A few months earlier, in September 2019, the Council on Foreign Relations released its report “Innovation and National Security: Keeping Our Edge,” in which the CFR recommends that “the United States must act now to build a national strategy for sustaining American leadership in innovation.”

According to “Innovation and National Security,” this national innovation strategy has four pillars: restoring public support and funding for science; attracting and educating the world’s best STEM talent; making rapid technological adoption a core competency in the Defense Department; and building an international technology alliance. Furthermore, such a strategy will require new forms of cooperation among government officials, the private sector and universities that are designed for “agility and speed.”

President Barack Obama first issued “A Strategy for American Innovation” in 2009, and updated this document in 2011 and 2015. The Trump administration has not announced a formal national innovation strategy.

However, in the December 2017 congressionally mandated “National Security Strategy of the United States of America,” under “Pillar II: Promote American Prosperity” (of six pillars making up the national security strategy), President Trump identified two key priorities concerning innovation: first, preserving the nation’s lead in R&D and technology, and second, protecting the American economy from competitors who unfairly (that is, illegally) acquire America’s intellectual property.

In an article written a year ago (February 2019) in National Review online (“Marco Rubio Wants a National Innovation Strategy”) by Samuel Hammond, director of poverty and welfare policy studies at the Niskanen Center, Hammond notes that “we seem beguiled by the notion that there are ‘free markets’ and ‘central planning’ and nothing in between.”

Hammond references that in the report, “Made in China 2025 and the Future of American Industry,” released February 12, 2019, and the first report of the “Project for Strong Labor Markets and National Development,” Senate Committee on Small Business and Entrepreneurship (which Senator Rubio heads), is a statement worth considering: “Lost in the polarity of the discussion is a path forward that can resolve the concerns of both economic dynamism and efficiency for one, and national sovereignty and value-chain position for the other.”

The momentum for developing and implementing a national innovation strategy is not receding. In March, the Business Roundtable has scheduled a CEO Innovation Summit to discuss why a national agenda is imperative for America’s position as the global leader in innovation. A renewed national innovation strategy, involving important stakeholders in government, industry and education, and consisting of consensus, integrated innovation policies, can provide a critical path forward for maintaining American global economic leadership over the next decade.
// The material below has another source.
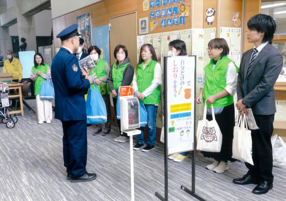 伊南防犯連合会、駒ヶ根警察署は、4月15日年金支給日に管内の「道の駅花の里いいじま」と「ツルヤ赤穂店」の2箇所において、増え続ける電話でお金詐欺の被害防止を呼びかけました。

This election year is a propitious time for both Democrats and Republicans to offer their vision of a national innovation strategy for their fellow Americans to evaluate before the November election.

After the November election, a bipartisan agreement needs to be reached on a final national innovation strategy, both approved by the Congress and the incoming administration.

Our international competition, however, is not waiting for us. In February 2019, the German government announced its new “National Industry Strategy 2030,” a response to the People’s Republic of China’s “Made in China 2025” five-year national economic plan and the 2017 “United Kingdom Industrial Strategy.”

As noted by the German government, its long-term goal is for the European Union to agree on a joint industrial strategy. However, unlike our global competitors, a more market-driven, less government-directed national innovation strategy effectively addresses both the manufacturing and service sectors of the U.S. economy.